# Dataset section
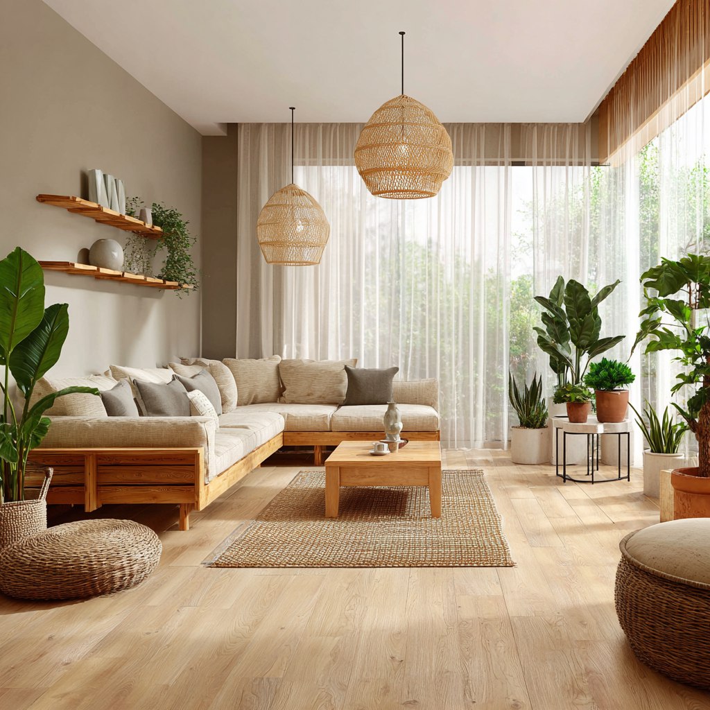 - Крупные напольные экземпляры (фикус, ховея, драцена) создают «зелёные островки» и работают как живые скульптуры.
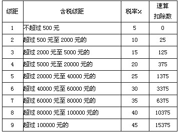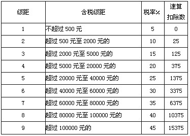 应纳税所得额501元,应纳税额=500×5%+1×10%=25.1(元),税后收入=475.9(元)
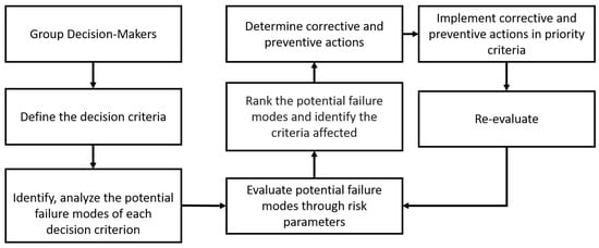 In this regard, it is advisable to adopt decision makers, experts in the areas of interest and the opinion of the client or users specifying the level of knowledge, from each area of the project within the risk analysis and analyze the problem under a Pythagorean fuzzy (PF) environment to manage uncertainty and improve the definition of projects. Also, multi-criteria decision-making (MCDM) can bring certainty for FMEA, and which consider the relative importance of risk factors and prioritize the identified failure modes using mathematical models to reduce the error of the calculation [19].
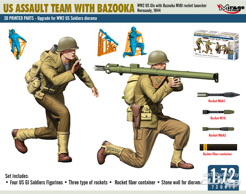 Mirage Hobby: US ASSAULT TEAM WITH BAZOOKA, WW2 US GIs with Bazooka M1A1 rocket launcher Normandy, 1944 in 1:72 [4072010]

# Task goal
For this exercise, retype exactly, and only, the lines from the line with "应纳税所得额501元,应纳税" through the last line of the material above, both included. Pictures stay out.

# Answer for the task
 应纳税所得额501元,应纳税额=500×5%+1×10%=25.1(元),税后收入=475.9(元)
 In this regard, it is advisable to adopt decision makers, experts in the areas of interest and the opinion of the client or users specifying the level of knowledge, from each area of the project within the risk analysis and analyze the problem under a Pythagorean fuzzy (PF) environment to manage uncertainty and improve the definition of projects. Also, multi-criteria decision-making (MCDM) can bring certainty for FMEA, and which consider the relative importance of risk factors and prioritize the identified failure modes using mathematical models to reduce the error of the calculation [19].
 Mirage Hobby: US ASSAULT TEAM WITH BAZOOKA, WW2 US GIs with Bazooka M1A1 rocket launcher Normandy, 1944 in 1:72 [4072010]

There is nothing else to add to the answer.